Hacker News new | ask | show | jobs
by masklinn 3778 days ago
> This is particularly a problem for those help pages-- and there are a lot of them-- that describe a raft of related functions all at the same time. Describing a bunch of related functions in the same place sounds like a good idea (it should help you figure out `apply` vs `sapply`, right?). Yet this is exactly when the documentation organization results in the most scattershot reading, because in addition to having to synthesize between sections, you have to mentally prune away text that, for one reason or another, doesn't apply to your particular case (for example, because different functions don't all share the same arguments, or because you want to read about the values for just one variation on the function).

This reminds me very strongly of man pages. Man pages group either similar (man 3 printf) or closely related (man 3 malloc) functions, and intersperses bits about each of the functions documented by the page, which ranges from difficult to read to mind-boggling (when you have half a dozen near-identical functions being documented at the same time). Reading an lapply documentation page[0] it looks very similar in organisation, and similarly difficult to parse/use.

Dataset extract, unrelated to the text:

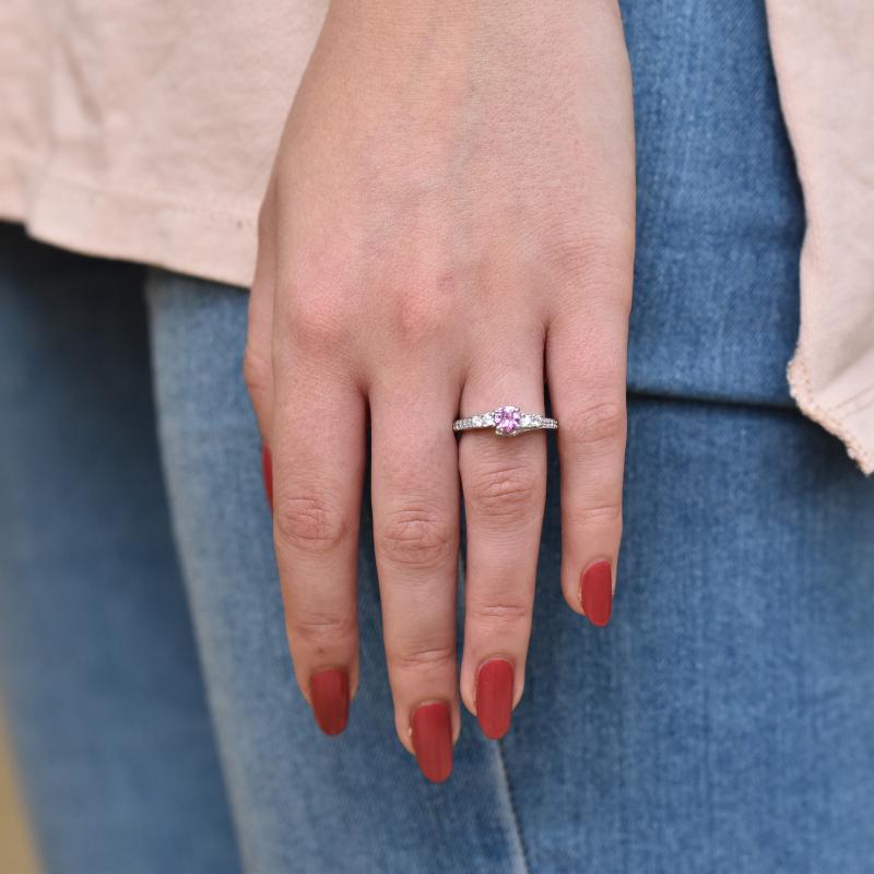 • der elegante Saphir besticht mit dunklen, rosa Farbreflexen

> The comments alert me that there's a "surprise" in store, and they even allude to the (apparently surprising) fact that the second line produces a 10-vector. Notably lacking is any explanation of what's meant to be surprising here, how that relates to the internal logic of `sample`, or how to avoid falling into the trap.

On http://www.inside-r.org/r-doc/base/sample the surprise is explained by the first paragraph of the details, with the hell of an understatement that "this convenience feature may lead to undesired behaviour" but without the big red blinking box it would definitely deserve.